Work task |
Given the entries that follow, write out exactly the lines starting at the one containing "Cuivre et émaux" and ending at the one containing "Für gute Unterhaltung", both ends included, and only those.

Exercise input |
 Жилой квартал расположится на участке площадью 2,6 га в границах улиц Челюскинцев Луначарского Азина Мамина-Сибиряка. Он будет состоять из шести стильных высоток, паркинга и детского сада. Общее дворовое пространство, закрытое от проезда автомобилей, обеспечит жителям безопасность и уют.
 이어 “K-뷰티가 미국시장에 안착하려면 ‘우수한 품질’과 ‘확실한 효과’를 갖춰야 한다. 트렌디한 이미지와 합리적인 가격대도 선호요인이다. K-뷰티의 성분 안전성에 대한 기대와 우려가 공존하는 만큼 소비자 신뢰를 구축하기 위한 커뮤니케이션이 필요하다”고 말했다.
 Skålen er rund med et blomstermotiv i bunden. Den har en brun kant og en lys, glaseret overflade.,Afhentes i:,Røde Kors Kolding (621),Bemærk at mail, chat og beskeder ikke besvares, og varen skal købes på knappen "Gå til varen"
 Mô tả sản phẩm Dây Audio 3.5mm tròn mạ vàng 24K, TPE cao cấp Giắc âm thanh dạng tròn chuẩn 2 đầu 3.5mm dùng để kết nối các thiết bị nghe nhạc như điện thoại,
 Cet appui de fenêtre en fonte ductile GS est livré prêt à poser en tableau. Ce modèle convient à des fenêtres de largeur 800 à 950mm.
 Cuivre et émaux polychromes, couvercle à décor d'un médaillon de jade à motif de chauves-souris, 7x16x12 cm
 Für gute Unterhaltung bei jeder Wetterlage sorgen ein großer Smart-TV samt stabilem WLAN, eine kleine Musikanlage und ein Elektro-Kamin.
==
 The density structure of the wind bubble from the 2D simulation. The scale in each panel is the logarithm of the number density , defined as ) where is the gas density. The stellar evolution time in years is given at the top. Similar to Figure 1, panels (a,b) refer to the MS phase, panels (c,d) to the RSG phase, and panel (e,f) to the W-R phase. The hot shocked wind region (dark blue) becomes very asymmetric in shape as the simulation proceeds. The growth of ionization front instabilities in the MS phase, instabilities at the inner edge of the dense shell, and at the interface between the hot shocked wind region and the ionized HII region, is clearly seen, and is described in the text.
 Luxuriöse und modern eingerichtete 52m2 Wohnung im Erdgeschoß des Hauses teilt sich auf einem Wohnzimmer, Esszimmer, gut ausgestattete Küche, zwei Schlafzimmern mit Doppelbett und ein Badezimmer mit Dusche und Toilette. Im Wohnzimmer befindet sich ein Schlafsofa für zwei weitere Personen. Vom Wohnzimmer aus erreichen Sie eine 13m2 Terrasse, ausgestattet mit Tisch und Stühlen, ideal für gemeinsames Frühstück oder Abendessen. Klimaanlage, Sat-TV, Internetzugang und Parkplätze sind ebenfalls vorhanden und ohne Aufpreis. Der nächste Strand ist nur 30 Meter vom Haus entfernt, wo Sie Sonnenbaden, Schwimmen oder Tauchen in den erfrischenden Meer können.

Solution below |
 Cuivre et émaux polychromes, couvercle à décor d'un médaillon de jade à motif de chauves-souris, 7x16x12 cm
 Für gute Unterhaltung bei jeder Wetterlage sorgen ein großer Smart-TV samt stabilem WLAN, eine kleine Musikanlage und ein Elektro-Kamin.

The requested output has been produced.